France-Soir, the largest evening newspaper in Paris (circ. 1,380,000), last week was the latest victim of the Secret Army Organization. Under tough, brilliant Editor Pierre Lazareff, 54, France-Soir has doggedly called for strong government action against the S.A.O., whose double aim of overthrowing De Gaulle and keeping Algeria French has resulted in hundreds of bomb explosions.
In August a plastic bomb was detonated at Lazareff’s country home in St. Cloud. Other bombs have wrecked the apartments of three France-Soir reporters. Last week the S.A.O. struck again in the huge rabbit warren of a building on Paris’ Rue Réaumur, where France-Soir is edited and printed. At 3 o’clock each working afternoon, some 20 news editors usually leave a conference and walk down a narrow staircase to their offices. On Wednesday, the conference was fortunately a little late in ending. At five minutes after 3, while the editors were still talking, a plastic bomb exploded on the stairway, destroying three rooms and starting a fire. Instead of killing any descending editors, the explosion succeeded only in wounding a 50-year-old woman clerk.
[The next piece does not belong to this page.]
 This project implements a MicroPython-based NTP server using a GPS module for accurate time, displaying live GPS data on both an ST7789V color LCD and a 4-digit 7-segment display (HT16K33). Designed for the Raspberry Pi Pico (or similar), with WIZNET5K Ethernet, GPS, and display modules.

What most unnerved the editors was the realization that those who placed the bomb evidently knew their way around the building. Said a France-Soir official: “They almost certainly benefited from the complicity of one of the 2,200 people working here.” He added: “What is S.A.O. really concerned with? It wants to prevent us from speaking the truth, from drawing attention to its activities as blackmailers and murderers. The whole thing recalls the rise of the Nazi Party in Germany.”